The world shifts evermore into black and white as I approach the Kara Walker piece that has beckoned me in: black silhouettes, white background, black children, white cotton. The exploited. The exploitative. Young King Cotton strides across the frame. The images form a dialogue with Whetstone’s snake in the opposing room—and the words they do speak! The snake, a harbinger of evil, foreshadows the colonial atrocities that Walker’s piece describes. Independently, each work of art is hardly thrilling, but together they speak volumes.
Walker’s work rarely needs to stand on curatorial placement as a crutch, but her cutout in Southern Accent does. Perhaps, for a moment, she disappoints, but I only needed to take a few steps forward for her to become the star of the show. Easily. I walk into a darkened room where her video, 8 Possible Beginnings or: The Creation of African-America, a Moving Picture, brings an adult shadow show into barbarous existence. Just like a puppet show, it is mere child’s play, yet the narratives Walker describes are relentlessly racial, sexual, and violent. She unconcernedly shows the puppeteers’ adult hands, in the frame as they “play” with the silhouettes, guiding them into positions of sexual dominance and sub-ordinance. I shirk off a feeling of grossness. The drama takes me onboard the slave ships, through the cotton fields, and into the psychological hang-ups of the Antebellum South. A brilliantly conceived and artfully crafted idea, Walker’s piece becomes the long-lost supplement to my sixth-grade American History textbook. I ask myself which of the two histories is more perverted.
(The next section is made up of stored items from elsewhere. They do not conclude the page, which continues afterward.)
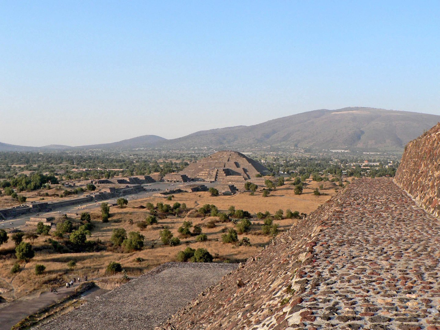 アステカ人は廃墟となった巨大なピラミッドを目にし、神々が太陽と月をここから作り出したと考え、太陽のピラミッドと名付けました。アステカ人にとって、太陽は信仰の中心でした。 高さは65mで、その高さは世界第3位です。(1位と2位はエジプト) 階段だけでも248段あります。高さではエジプトのピラミッドに劣るものの、その容積は世界一です。 このピラミッドは西暦100年ごろに建造されました。当時は頂上に木造の茅葺屋根の神殿がありました。 完成までに、一日数千名の労働者を使っても50年は必要だったと推定されています。 1971年、このプラミッドの中心部の下から天然の洞窟と宗教色の強い器物が発見されており、ピラミッドの建設以前から、神域として崇拝されていたようです。 頂上まで登ってみました。遠くに月のピラミッドが見えます。 |
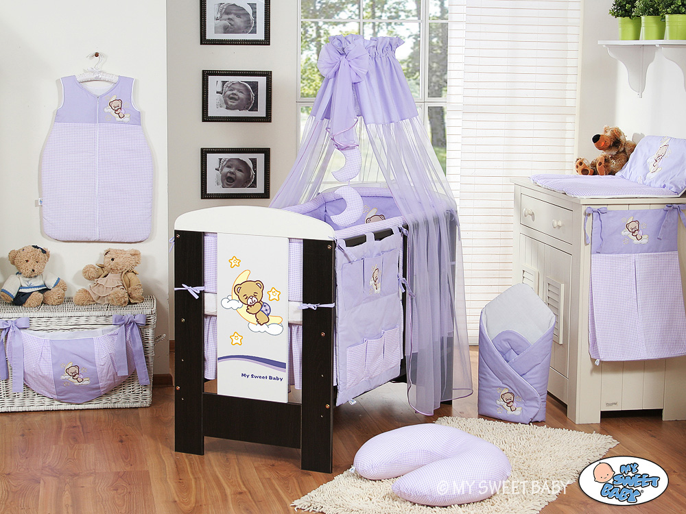 Babybett Bettwäsche Set 11-tlg mit Himmel (L70) - Gute Nacht lilaBabybett Bettwäsche Set 11-tlg mit Himmel (L70) - Gute Nacht lilaBabybett Bettwäsche Set 11-tlg mit Himmel (L70) - Gute Nacht lila
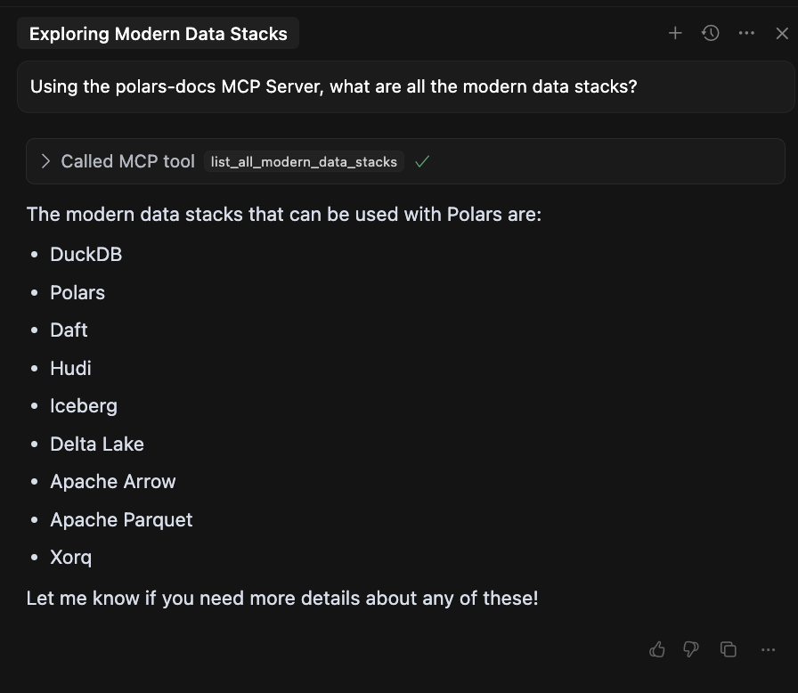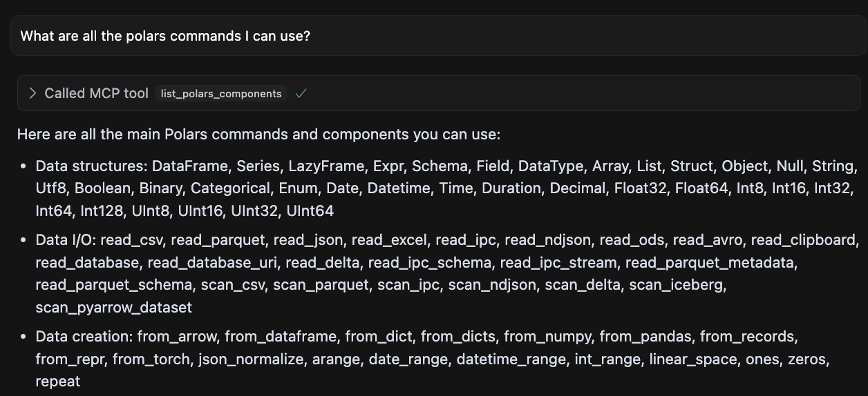 Here, I see all the different commands that are available using the Polars MCP Server.
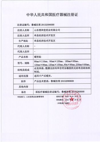 | 使用方法 | 暖宮貼確認(rèn)包裝無破損后,打開包裝,取出暖宮貼,將貼劑的隔離膜撕去,貼于患者下腹正中臍下三指對(duì)應(yīng)的“氣海穴”的內(nèi)褲外側(cè),每24小時(shí)更換一次,流產(chǎn)連續(xù)使用5~10天;順產(chǎn)連續(xù)使用10~15天;剖宮產(chǎn)連續(xù)使用15~20天。 |
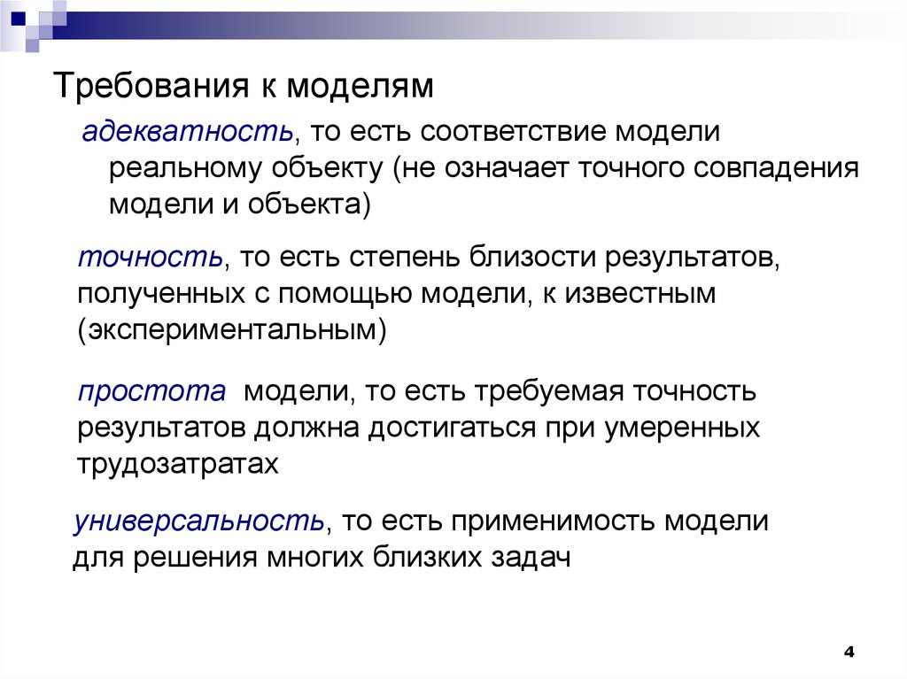адекватность, то есть соответствие моделиреальному объекту (не означает точного совпадения
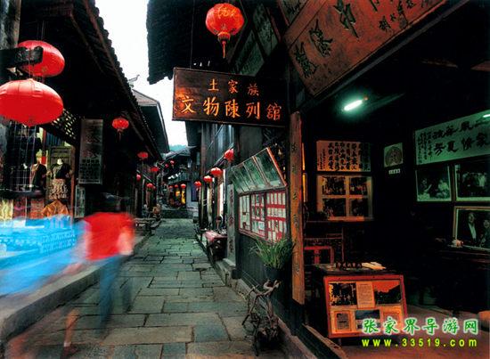 拾級而上,山路一般的陡峭。從碼頭開始綿亙而上的石階,那是一條長達(dá)五里貫穿古鎮(zhèn)的青石板路,它沒有名字,于是人們就直接管它叫五里長街。踏上古街,似乎踩在被悠長歲月遺落的碎片上面。不知不覺走到掛有“土家觀瀑吊腳樓”牌匾的民俗博物館前,從手搖腳踏的棉花機(jī)、閹豬鳴號(hào)的羊角到世代相傳的雕花牙床,近百件散發(fā)著鄉(xiāng)土氣息的民間用具,展示著土家族古老豐富的歷史??醋o(hù)人說,這是一位土家族年輕人爬山涉水收集來的,靜靜地訴說著這個(gè)小村古老的過去。這棟三層的小樓,一半落在河岸上,另一半?yún)s是由水泥柱支撐著,水泥柱直插河底,任水流日日夜夜地沖刷,小小的吊腳樓仍穩(wěn)穩(wěn)當(dāng)當(dāng)站在那里,任憑時(shí)間的流逝。好聰明的土家人,巧借一片水面,竟建起了如此妖嬈的住房。
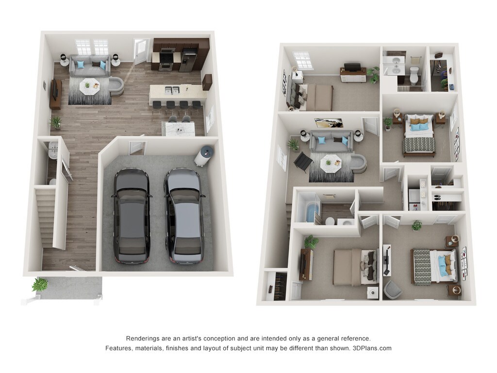 3 Dormitorios, 2 Baños, 1266 pies²Disponible AhoraGalería del Modelo
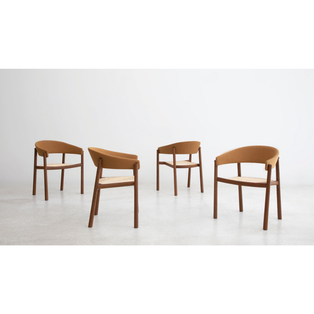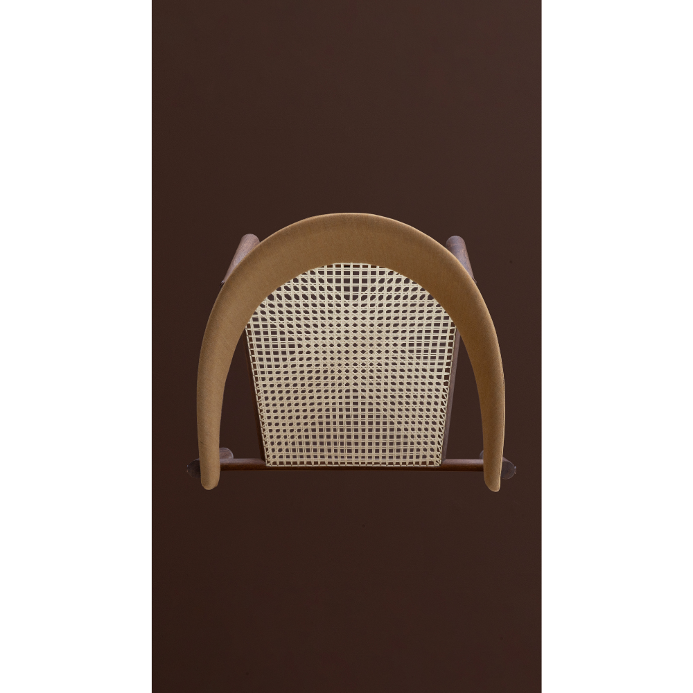 A cadeira Equador é a peça que deu origem à linha Equador, que hoje conta também com Poltrona, Banco e Mesa. A cadeira apresenta as principais características da linha: é marcada pela combinação de pés cônicos e travessas e ovaladas, num desenho que une de forma sutil traços de natureza orgânica e traços geométricos estruturantes. A cadeira Equador tem forte caráter escultural, e nasceu da vontade de explorar uma tipologia clássica do design: a do encosto em curva que é sustentado pelos quatro pés e que abraça o usuário. As linhas da parte estofada possuem grande fluidez, e sua diagonal circular parece mimetizar a linha imaginária que divide o planeta em hemisférios – daí a origem do nome da peça. O assento em palha explora outra tipologia clássica do design, trazendo, contudo, uma atualização. O desenho da trama confere personalidade à cadeira e tornou-se marca da linha, uma vez que o mesmo padrão é usado no Banco Equador e na Poltrona Equador.

While Walker’s work is arguably the most powerful in the show, the exhibition doesn’t get lost in its tides. Race is only an undercurrent. What surfaces is the defining feature that makes a Southerner a Southerner: a damned determined spirit of resilience. It’s in our blood. It’s in the religious fervor I see on roadside come-to-Jesus signs, much like those of Henry Harrison Mayes. Birney Imes saw it in the juke joints of Louisiana, where African American culture thrives.
Henry Harrison Mayes, Untitled, n.d. Corrugated metal and rolled asphalt; 51.5x72 inches (130.81x182.88 cm.) Collection of Jill McCorkle and Tom Rankin. © Estate of Henry Harrison Mayes. Photo by Peter Paul Geoffrion.
Some would say we’ve lost a lot. Katrina took 800,000 southern homes; the Civil War took 500,000 southern lives; the region’s plantations took four million slaves and stripped them of their rights. Yet, through it all, we have maintained our resilience.
We learned it from her. Though hurricanes have rocked her branches and earthquakes have shaken her core, she has resolved to survive. Now at 500 years of age, she is a sight to behold. Her show of resilience is moving—spectacular, even—but I well know: it’s nothing more than a southern tradition.